Whether I am building hardened engineering systems, or discussing cooking methods, or discussing sensitive health concerns, or navigating complex psychological and interpersonal issues, the model will inevitably have to make some assumptions about context I haven’t provided. I want to know that those assumptions are grounded in reality.
For what it’s worth, a slack-line over a river in front of a medieval town is too anachronistic to be interesting, let alone the idea of an old man riding a bicycle well enough over a slack-line. That is output that was not grounded in a solid world model, regardless of how “creative” it was.
Well, if Rene Magritte or some similar artist produces a man riding a bicycle over a tightrope, he's being because he knows what people expect from "a man riding a bicycle over a river" but I think the machine doesn't know the normal expectations and so it's not being creative, just failing. A splatter sheet of an industrial painting operation may look like a Jackson Pollock print. The hired painters might even notice this after their shift. But if the process that produces this is just painting tractors, it's not creative either.

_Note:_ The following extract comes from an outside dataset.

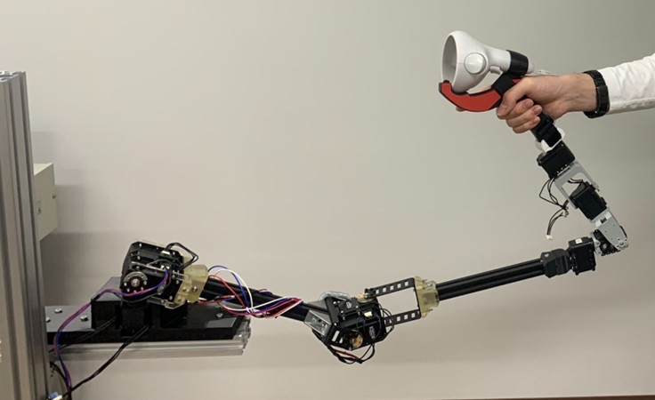 VRを活用した練習環境に、ユーザの腕の動きを物理的に誘導するロボットを組み合わせることで教育効果を高める挑戦をしました。

I think the point is that language is compressed. There's a lot conveyed in very little. Yes, it is ambiguous, but that's exactly the feature that makes natural language useful. It's also why it is so much easier to speak with your friends than it is with some random person in your town, you've learned how to compress and decompress each other's language better.
But that's also why we invented formal languages like math and programming. Because there's a lot of times where we don't want ambiguity. Law is basically mankind's greatest attempt at making natural language unambiguous and it doesn't take a genius to realize that that's a shitshow and never going to happen. At the end of the day, to make natural language even relatively low in ambiguity requires a metric fuck ton more words than it would take to express via a formal language (which are also overly pedantic and verbose)
So the problem is that the AI doesn't share those expected decompression strategies. Sure, many humans won't either, but developing a shared language is essential for properly communicating with others. We've all worked with someone who feels like they're speaking a different language. It's exhausting, right?
Reminds me of that dad teaching their kids programming by preparing a PB sandwich [^0].
Solvers are generally really good at bending your rules, but in a context where you want that. An outlaw rule-bending maniac is not what I want from a helpful agent.
[^0]: https://www.youtube.com/watch?v=mrmqRoRDrFg